YOUR INSTRUCTIONS →
An exact copy is needed of the lines in the entries below from the line with "- 「土地情報」データベース" up to and including the line with "秋 素材 チェックのキルト風フレーム イエロー 黄色", and of nothing else. Leave the pictures out.

DATASET CONTENT →

Segment Open

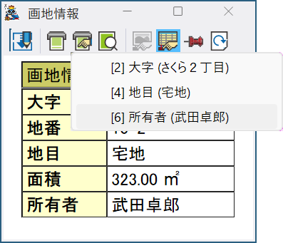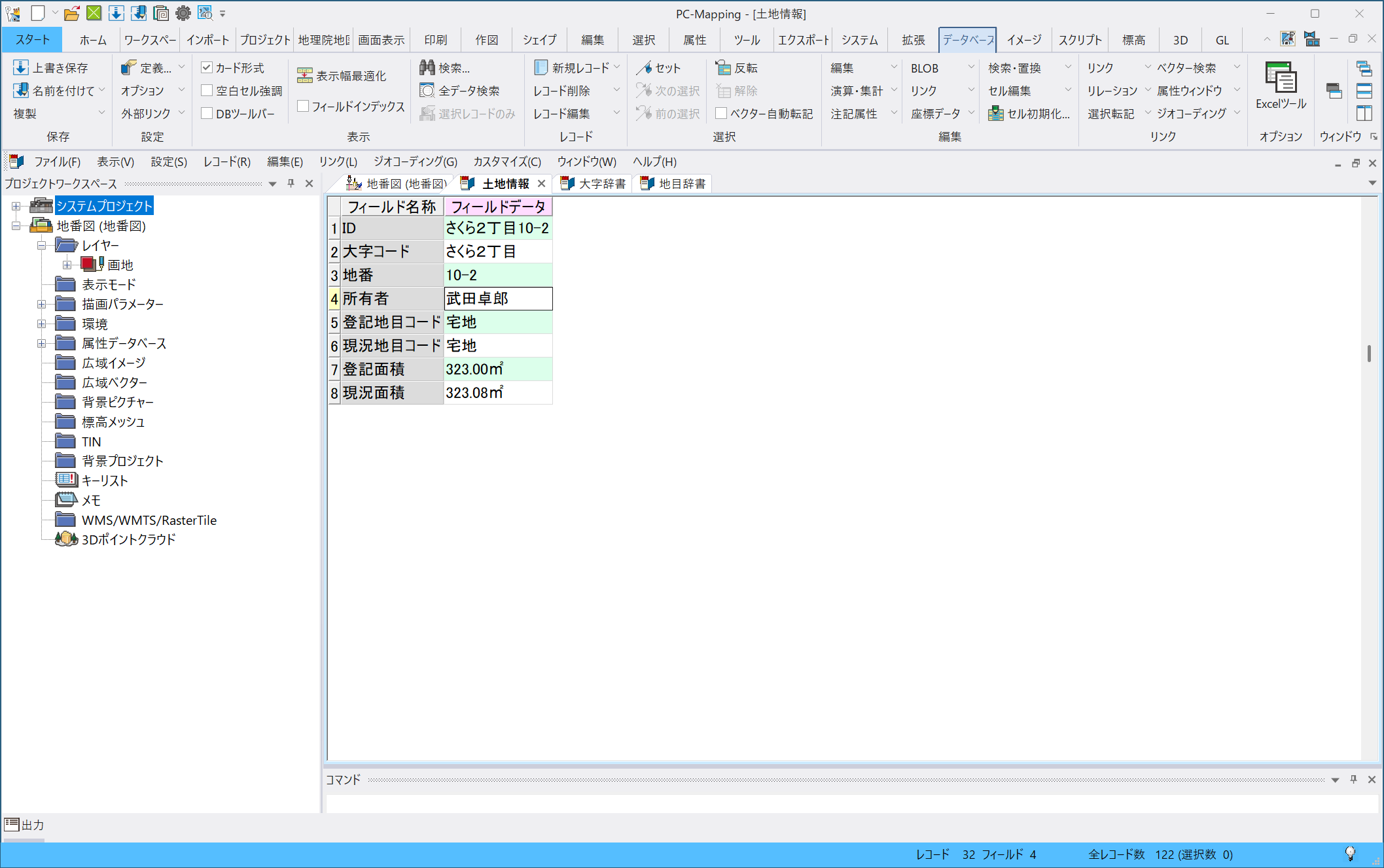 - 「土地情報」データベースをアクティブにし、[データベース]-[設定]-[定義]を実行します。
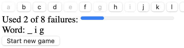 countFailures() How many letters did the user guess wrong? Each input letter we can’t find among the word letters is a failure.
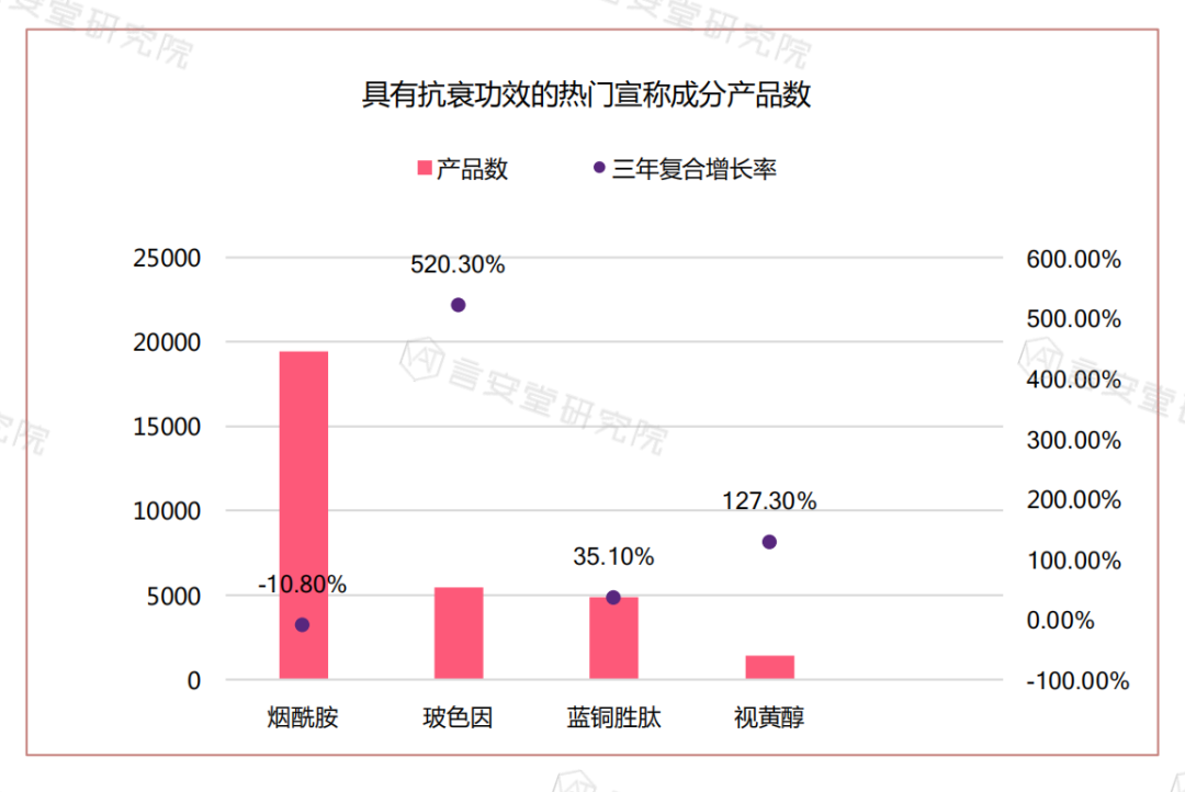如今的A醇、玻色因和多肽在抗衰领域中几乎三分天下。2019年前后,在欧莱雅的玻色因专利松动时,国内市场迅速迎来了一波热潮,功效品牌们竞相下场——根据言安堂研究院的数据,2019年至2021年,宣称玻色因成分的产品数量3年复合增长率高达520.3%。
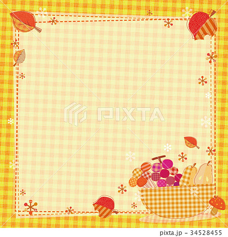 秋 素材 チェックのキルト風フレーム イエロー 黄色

Segment Closed
Segment Open

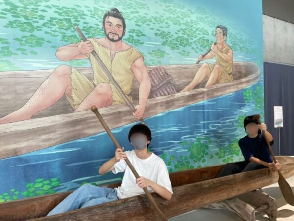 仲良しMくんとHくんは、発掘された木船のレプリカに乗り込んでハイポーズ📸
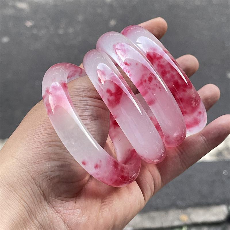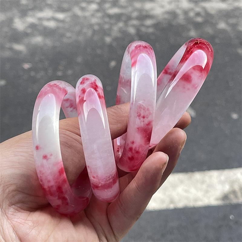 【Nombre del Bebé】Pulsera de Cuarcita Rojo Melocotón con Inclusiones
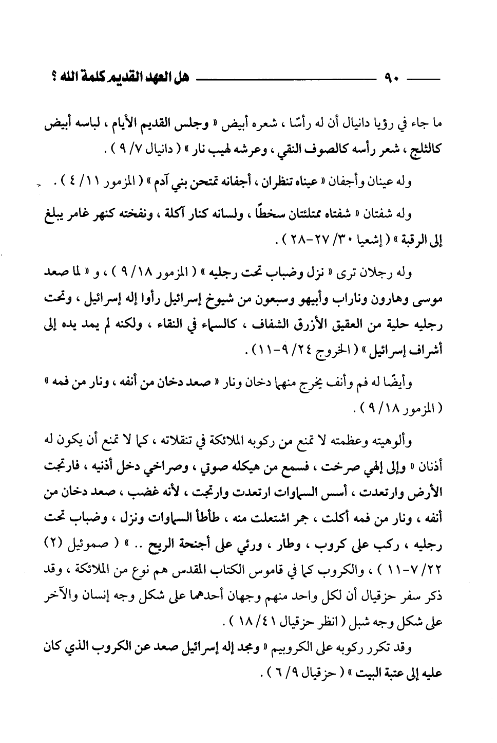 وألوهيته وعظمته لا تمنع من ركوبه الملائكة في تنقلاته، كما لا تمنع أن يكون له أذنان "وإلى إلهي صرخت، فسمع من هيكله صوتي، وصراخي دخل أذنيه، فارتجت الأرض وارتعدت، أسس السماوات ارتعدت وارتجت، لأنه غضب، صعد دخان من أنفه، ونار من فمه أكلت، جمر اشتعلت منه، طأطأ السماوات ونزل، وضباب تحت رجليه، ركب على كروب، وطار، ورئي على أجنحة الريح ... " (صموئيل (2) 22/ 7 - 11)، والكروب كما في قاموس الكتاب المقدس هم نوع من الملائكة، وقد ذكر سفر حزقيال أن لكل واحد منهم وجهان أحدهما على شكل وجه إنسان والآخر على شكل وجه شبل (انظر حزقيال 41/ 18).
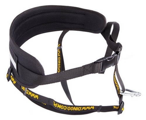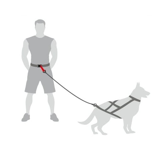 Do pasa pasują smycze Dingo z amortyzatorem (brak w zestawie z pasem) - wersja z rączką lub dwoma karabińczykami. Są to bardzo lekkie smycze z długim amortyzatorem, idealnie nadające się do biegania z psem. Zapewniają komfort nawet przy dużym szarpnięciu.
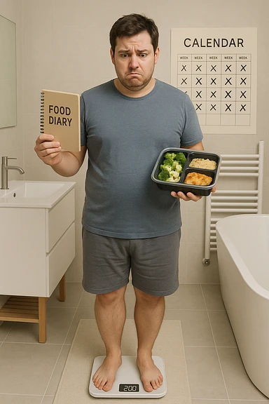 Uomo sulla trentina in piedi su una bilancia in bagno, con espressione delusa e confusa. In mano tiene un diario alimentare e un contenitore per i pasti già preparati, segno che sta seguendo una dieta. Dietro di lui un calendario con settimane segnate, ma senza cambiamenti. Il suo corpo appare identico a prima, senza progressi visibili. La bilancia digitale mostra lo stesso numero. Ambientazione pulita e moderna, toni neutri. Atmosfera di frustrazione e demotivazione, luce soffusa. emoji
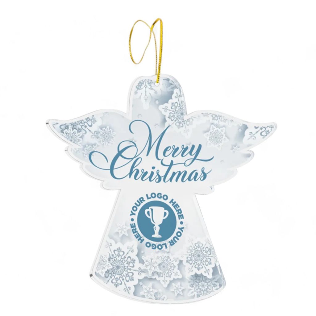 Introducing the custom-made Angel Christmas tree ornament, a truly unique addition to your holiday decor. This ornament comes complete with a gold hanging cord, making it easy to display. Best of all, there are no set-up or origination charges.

Segment Closed

SOLUTION FOR THIS PROBLEM →
 - 「土地情報」データベースをアクティブにし、[データベース]-[設定]-[定義]を実行します。
 countFailures() How many letters did the user guess wrong? Each input letter we can’t find among the word letters is a failure.
如今的A醇、玻色因和多肽在抗衰领域中几乎三分天下。2019年前后,在欧莱雅的玻色因专利松动时,国内市场迅速迎来了一波热潮,功效品牌们竞相下场——根据言安堂研究院的数据,2019年至2021年,宣称玻色因成分的产品数量3年复合增长率高达520.3%。
 秋 素材 チェックのキルト風フレーム イエロー 黄色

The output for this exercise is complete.